Always. My usual feeling is that everyone is perfectly happy to sacrifice the G on the altar of the TTRP, and rarely willing to acknowledge what that costs.
I am not especially familiar with Torchbearer, outside of a few reports of play.
I'd probably go with decaying board state, sure. I've come to believe my understanding of "parasitic design" was obtained from someone misusing the term to talk about something else. I don't think I'd use dysfunctional for anything other than an unparsable rule. I might use degenerate, if the board state tended to devolve toward a single dominant strategy or can easily become unsolvable.
That all being said, I tend to put my relationship to that kind of game down to personal preference, not to a factor of design. Regardless of medium, I am generally not fond of games where the decision space and/or impact of player decisions decreases over the course of play instead of growing.
I'll do my best, but I am exactly the kind of gay nerd who has happily not been to a baseball pitch since I was 9; you're killing me with these sports analogies.

The last sporting event I went to was a work function basketball game. I found the back and forth of each exchange tactically interesting, but couldn't help but wonder if it wouldn't be more interesting if they balanced the players.
Some googling informs me there are strict time limits between pitches? I feel certain there's a nuance here I'm not grasping, but "players are under time pressure" seems to be the takeaway. The game equivalent is presumably introducing a chess clock, which certainly has dramatic impacts on how people play games. I generally understand it to be adding an "execution" element to the challenge, shifting play from just finding the right line to also demonstrating you can do so quickly.
If I'm parsing this correctly: every pitch you throw against a given batter is assumed to make future pitches less effective, both in general, and as a function of that specific pitch. Essentially, pitchers have a hand of cards which reference both some general stat they keep depleting, and each card has a personal modifier that also degrades, though these stats are modified in some way by the stats of the batter.
This is very similar to the dynamics of War Chest, a game I do not like precisely because of its degrading board state. Every lost unit permanently decreases your ability to replenish, use and reinforce units of that type. Every action taken not only limits the decision space on the board, but the total size of the decision space for all future decisions.
I think you're losing me here? There's a subjective element to pitch evaluation, and that varies from umpire to umpire, and that might be gameable? I don't understand how that interacts with balls : strikes, unless you're saying the strategic importance of gaming it properly is different at different stages of the game?

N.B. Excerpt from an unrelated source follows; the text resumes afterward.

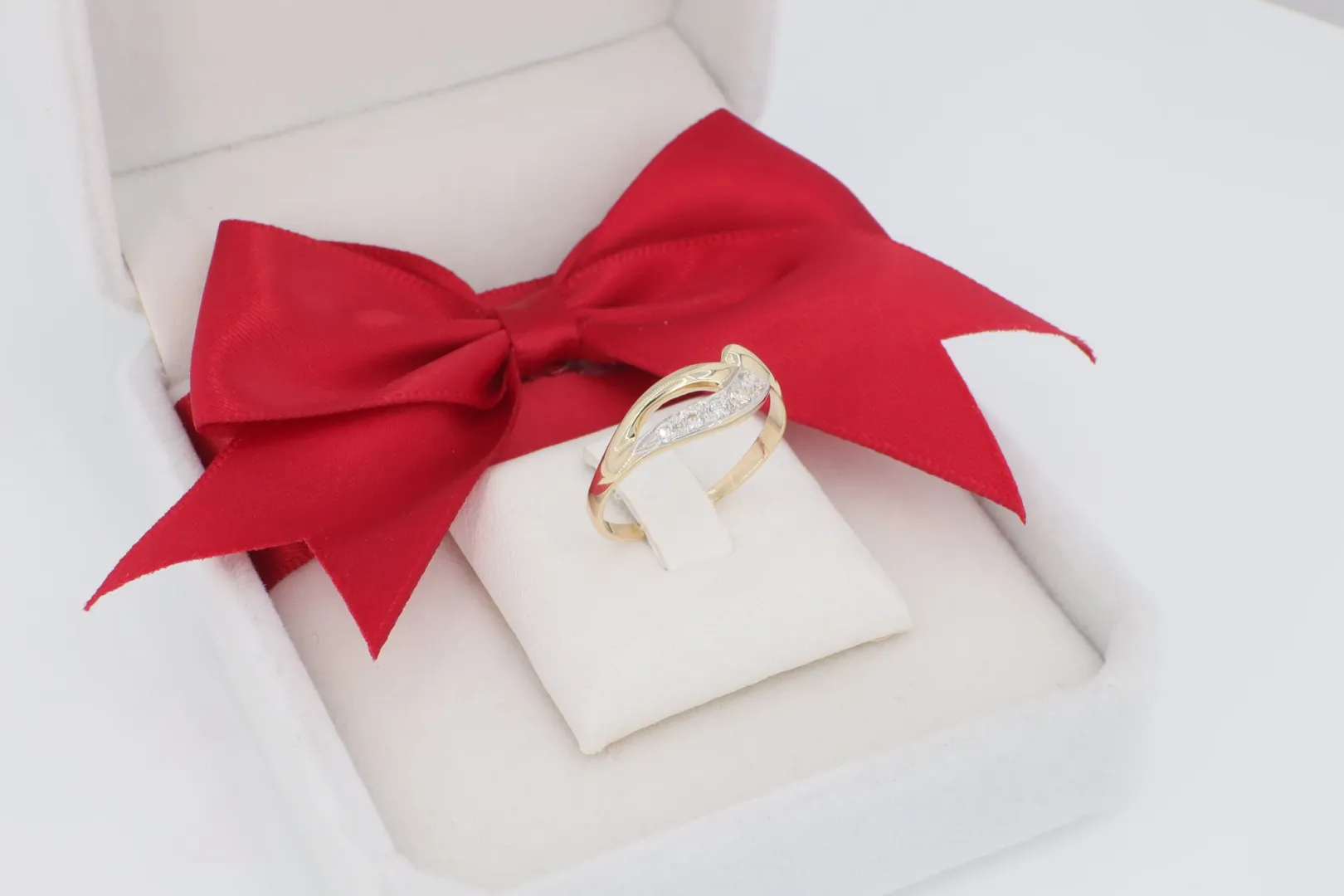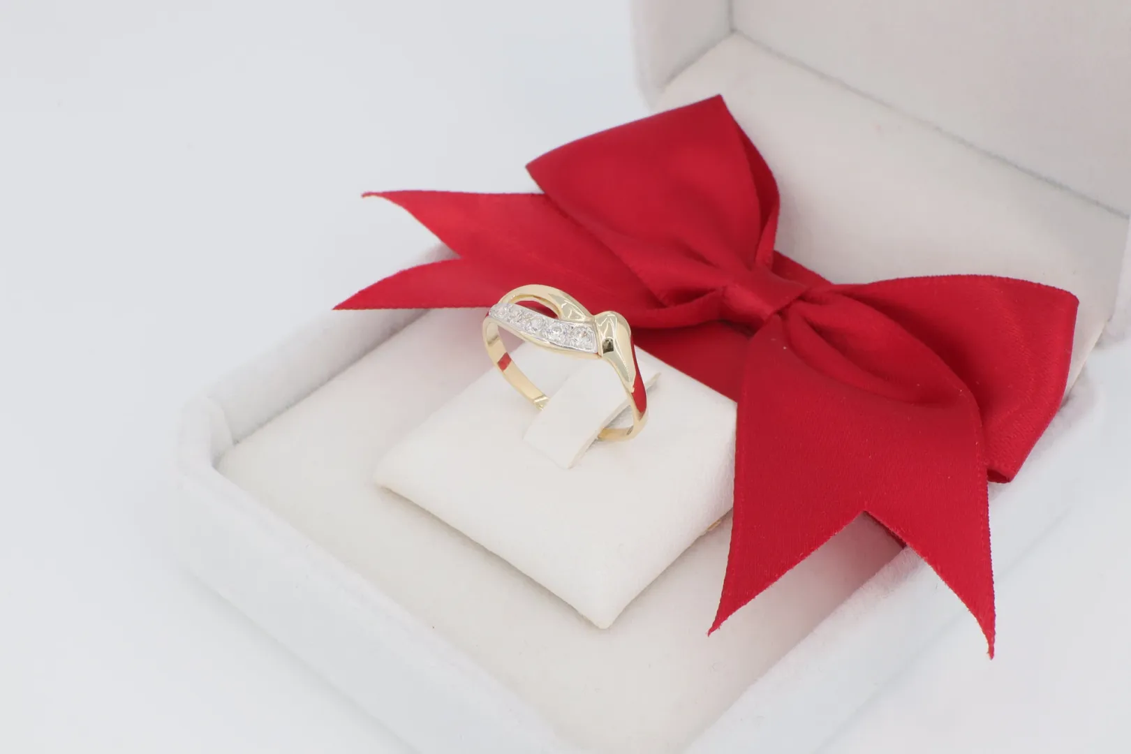 Kéttónusú Részletek: A gyűrű fő anyaga a meleg sárga arany, míg a köves berakás feletti felület fehér arany hatású (ródium bevonattal) van kiemelve. Ez a kontraszt eleganciát ad, és kiemeli a kövek tisztaságát.

I don't know that I have anything to say about this. Modeling stress/team dynamics are outside the kind of gameplay I'm interested in, and frankly outside the kind of spectating I'm interested in.
I think I made an earlier error. I was looking at pitch clock, you meant "pitch count" which after some searching, I'm taking to mean "pitchers have an increased risk of injury and decreased performance as they throw more pitches over the course of a game." So, essentially, an upper limit on the number of actions you can take. I don't actually see that as having much impact in the decaying board state sense, that's more of just a game timer.
The board game analogy I'd use is Bus, which hands out all of the available action tokens to each player at the beginning of the game, and ends when only player has any left with no hard restrictions on how many can be used each round. They're entirely a clock in that game, as the effectiveness of those actions and the available places on the board in which to play definitely expand as the game continues.
I don't really know where we're going here, but my original point is that much disagreement seems to be about the goal of play, and the difficulty of holding more than one such goal in mind, while simultaneously having multiple resources/abilities that must only be spent towards some of those goals.
This seems to be about a game space having complex tactical concerns, theoretically in service to one goal.